Returns whether or not the given client authorization grants inbox access.

Parameters:

authorization - to check

Returns:

true if the authorization grants inbox access and false otherwise.

hasDesignerAccess

public static boolean hasDesignerAccess(IClientAuthorization authorization)

Returns whether or not the given client authorization grants designer access.

Parameters:

authorization - to check

Returns:

true if the authorization grants designer access and false otherwise.

setAuthenticationTargetInAuthenticationAttributes

public static void setAuthenticationTargetInAuthenticationAttributes(org.pac4j.core.profile.UserProfile pac4jProfile,
                                                                     IAuthenticationTarget target)

Sets the given authentication target in the authentication attributes of the profile.

Parameters:

pac4jProfile - to set authentication target for.

target - to set.

getAuthenticationTargetFromAuthenticationAttribute

public static String getAuthenticationTargetFromAuthenticationAttribute(org.pac4j.core.profile.UserProfile pac4jProfile)

Gets the target that the user authenticated for if it has been set in the authentication attributes of the given profile.

Parameters:

pac4jProfile - to get the authentication client descriptor for

Returns:

the authentication client descriptor if it has been set and null otherwise.

getAuthenticationClientFromAuthenticationAttribute

public static IClientDescriptor getAuthenticationClientFromAuthenticationAttribute(org.pac4j.core.profile.UserProfile pac4jProfile)

Gets the client descriptor of the client that authenticated the user if it has been set in the authentication attributes of the given profile.

Parameters:

pac4jProfile - to get the authentication client descriptor for

Returns:

the authentication client descriptor if it has been set and null otherwise.

getClientAuthorizationsFromAuthenticationAttribute

public static Set<IClientAuthorization> getClientAuthorizationsFromAuthenticationAttribute(org.pac4j.core.profile.UserProfile pac4jProfile)

Get the client authorizations of the user if it has been set in the authentication attributes of the given profile.

Parameters:

pac4jProfile - to get the client authorizations for.

Returns:

the client authorizations if it has been set and null otherwise.

getUserProfileFromAuthenticationAttribute

public static UserProfile getUserProfileFromAuthenticationAttribute(org.pac4j.core.profile.UserProfile pac4jProfile)

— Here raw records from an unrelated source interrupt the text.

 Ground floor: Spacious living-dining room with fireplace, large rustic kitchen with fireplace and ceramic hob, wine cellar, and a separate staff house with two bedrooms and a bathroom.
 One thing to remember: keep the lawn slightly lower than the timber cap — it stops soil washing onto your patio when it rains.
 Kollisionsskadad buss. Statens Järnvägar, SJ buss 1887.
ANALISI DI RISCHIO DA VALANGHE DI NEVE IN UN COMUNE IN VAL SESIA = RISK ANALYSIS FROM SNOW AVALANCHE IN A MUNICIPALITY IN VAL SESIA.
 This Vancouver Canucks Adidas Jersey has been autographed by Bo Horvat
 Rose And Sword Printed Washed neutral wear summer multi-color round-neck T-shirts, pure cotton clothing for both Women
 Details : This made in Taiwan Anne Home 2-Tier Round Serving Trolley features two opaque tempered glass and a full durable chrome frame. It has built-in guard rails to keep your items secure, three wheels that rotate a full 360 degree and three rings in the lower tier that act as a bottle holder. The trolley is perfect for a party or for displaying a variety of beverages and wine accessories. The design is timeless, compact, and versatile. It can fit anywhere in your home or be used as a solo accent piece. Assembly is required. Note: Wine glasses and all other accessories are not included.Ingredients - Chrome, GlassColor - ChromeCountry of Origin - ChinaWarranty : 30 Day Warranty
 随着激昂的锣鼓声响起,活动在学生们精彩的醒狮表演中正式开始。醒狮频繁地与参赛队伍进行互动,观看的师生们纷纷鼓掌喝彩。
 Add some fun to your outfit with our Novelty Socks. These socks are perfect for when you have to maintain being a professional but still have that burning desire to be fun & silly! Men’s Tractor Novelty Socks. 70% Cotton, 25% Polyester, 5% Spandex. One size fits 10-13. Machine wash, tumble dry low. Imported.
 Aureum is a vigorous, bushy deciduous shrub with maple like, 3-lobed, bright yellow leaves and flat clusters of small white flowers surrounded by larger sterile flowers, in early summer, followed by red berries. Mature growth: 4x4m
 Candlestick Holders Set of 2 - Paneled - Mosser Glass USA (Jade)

Gets the formcycle profile if it has been set in the authentication attributes of the given pac4j profile.

Parameters:

pac4jProfile - to get the formcycle profile for

Returns:

the formcycle profile if it has been set and null otherwise.

getPermissionsFromAuthenticationAttribute

public static Set<String> getPermissionsFromAuthenticationAttribute(org.pac4j.core.profile.UserProfile pac4jProfile)

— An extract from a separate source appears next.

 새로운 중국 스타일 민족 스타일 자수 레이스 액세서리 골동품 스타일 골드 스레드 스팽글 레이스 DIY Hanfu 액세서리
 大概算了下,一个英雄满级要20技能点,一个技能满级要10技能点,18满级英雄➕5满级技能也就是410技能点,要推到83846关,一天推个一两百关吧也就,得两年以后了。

Gets the permissions if they have been set in the authentication attributes of the given pac4j profile.

Parameters:

pac4jProfile - to get the permissions for.

Returns:

the permissions if they have been set in and null otherwise.

getInvitationClientAuthorizationFromAuthenticationAttribute

public static DirectClientAuthorization getInvitationClientAuthorizationFromAuthenticationAttribute(org.pac4j.core.profile.UserProfile pac4jProfile)

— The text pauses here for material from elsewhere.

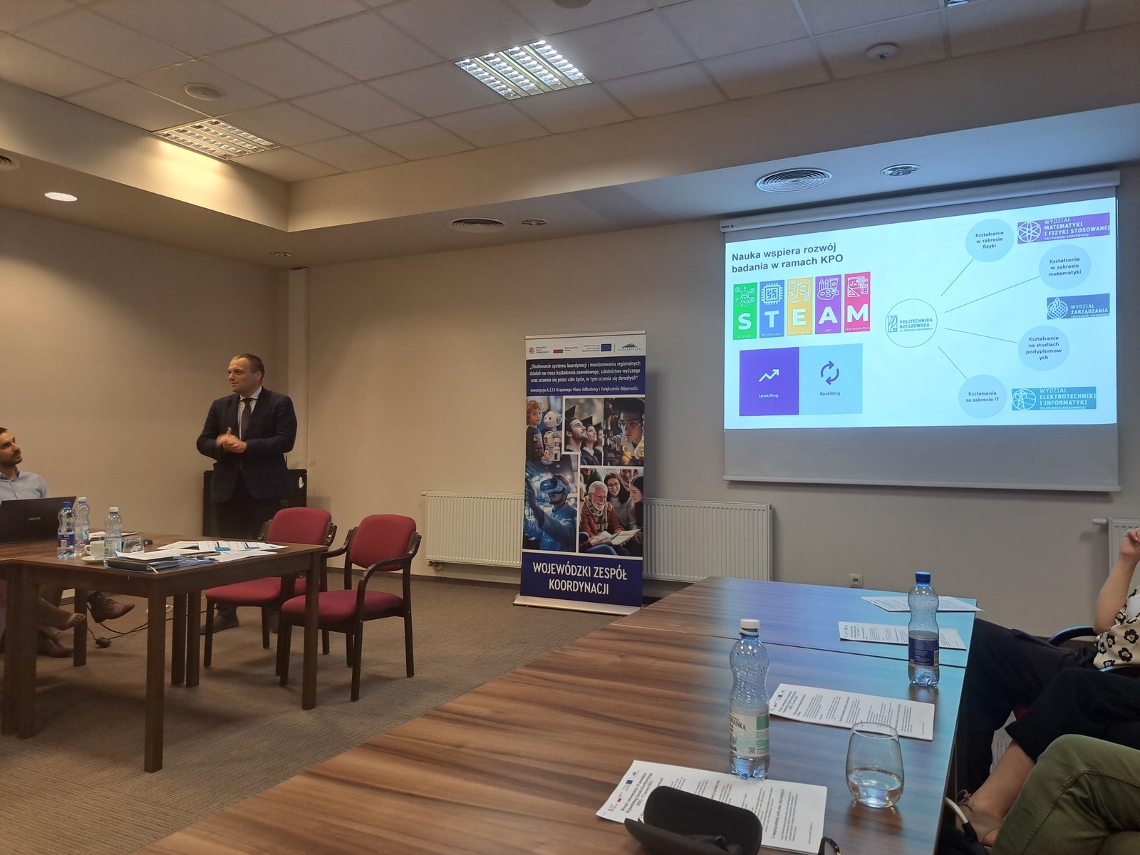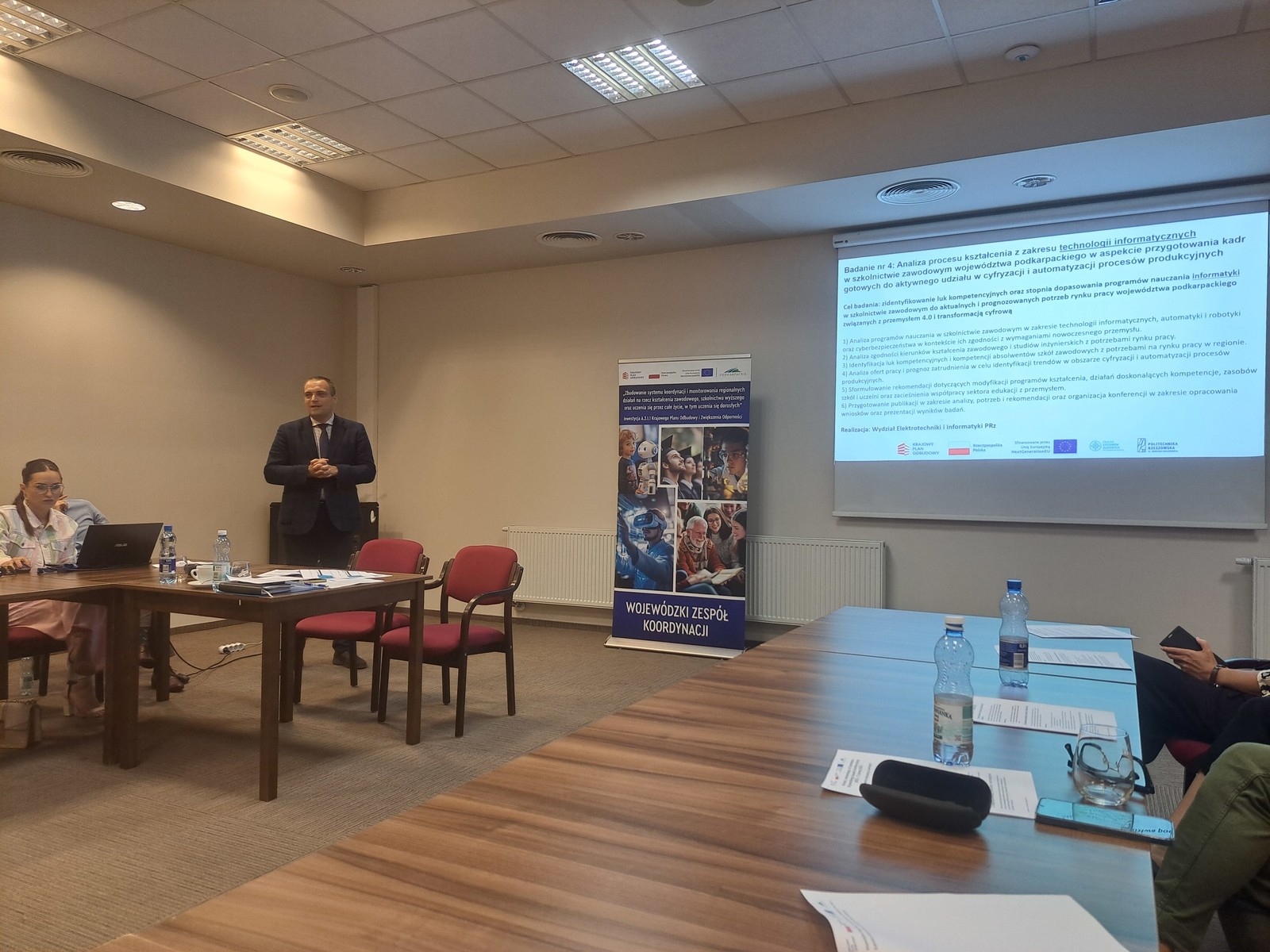 W związku z powyższym w dn. 22.07.2025 r. odbyła się V posiedzenie Wojewódzkiego Zespołu Koordynacji dotyczące zaprezentowania badań prowadzonych w ramach całego projektu. W posiedzeniu wzięli udział m.in. dr M. Mazurek i dr hab. inż. D. Strzałka, prof. PRz. W czasie posiedzenia została przedstawiona prezentacja pt. Badania i działania w obszarze matematyki, fizyki, informatyki i automatyki oraz studiów podyplomowych oraz dyskusja na temat zakresu realizowanych przez Politechnikę Rzeszowską badań.

Gets the invitation client authorization if it has been set in the authentication attributes of the given pac4j profile. See here for more information about what invitation client authorizations are used for.

Parameters:

pac4jProfile - to get the invitation client authorization for.

Returns:

the invitation client authorization if it has been set in and null otherwise.

See Also:

CmnConst.Security.Authorization.AUTHENTICATION_ATTR_CLIENT_INVITATION_UUID

getUniversalReferenceId

public static String getUniversalReferenceId(org.pac4j.core.profile.UserProfile profile)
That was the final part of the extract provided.